Hay cierres que duelen más allá de los números. En Concepción del Uruguay, el cierre de una planta de combustible encendió las alarmas del municipio, que salió a advertir sobre un impacto que va mucho más allá de los puestos de trabajo perdidos.
La intendencia de José Eduardo Lauritto fue directa en su diagnóstico: el cierre “representa la pérdida de una infraestructura estratégica y desvanece cualquier expectativa de una futura recuperación”. No es una frase menor. Cuando un gobierno local habla de infraestructura estratégica, está diciendo que lo que se pierde no se reemplaza fácil, ni rápido, ni barato.
El planteo municipal apunta a tres dimensiones del problema. La económica, que implica la caída de actividad productiva y el impacto en la cadena de proveedores y servicios vinculados. La laboral, con trabajadores que quedan en el aire en una ciudad que no sobra de opciones. Y la simbólica, quizás la más difícil de cuantificar pero no por eso menos real: perder una instalación de este tipo manda una señal negativa sobre el futuro industrial de la zona.
La palabra “simbólica” en boca de un gobierno no es retórica vacía. Es el reconocimiento de que ciertas infraestructuras anclan a una comunidad a una idea de desarrollo posible. Cuando desaparecen, se lleva también esa narrativa. Y reconstruirla cuesta el doble.

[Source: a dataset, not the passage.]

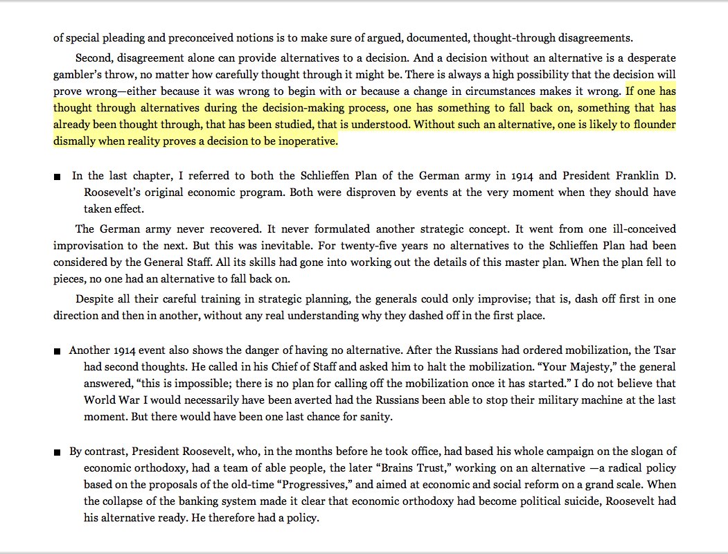 “If one has thought through alternatives during the decision-making process, one has something to fall back on, something that has already been thought through, that has been studied, that is understood. Without such an alternative, one is likely to flounder dismally when reality proves a decision to be inoperative.”
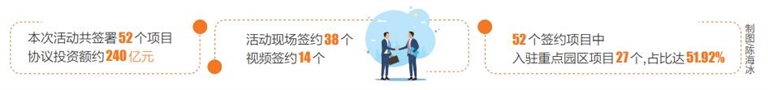 本次活动共签署52个项目,协议投资额约240亿元,“这些项目投资体量大,发展前景好,符合海南产业定位和发展需要,必将为海南自贸港建设和产业结构的优化升级注入新的活力。”省商务厅相关负责人表示。

Lo que preocupa, además, es la referencia a “cualquier expectativa de recuperación futura”. Esa frase sugiere que el cierre no es solo una mala noticia presente, sino que cierra puertas hacia adelante: sin la planta, determinados proyectos o inversiones simplemente dejan de ser viables en la región.
Concepción del Uruguay es una ciudad con historia industrial y vocación productiva. Que una instalación vinculada al sector energético baje sus persianas no es un dato menor en ese contexto. El municipio ya puso el tema sobre la mesa; ahora la pregunta es si habrá respuesta desde la provincia o desde el sector privado antes de que el daño se vuelva irreversible.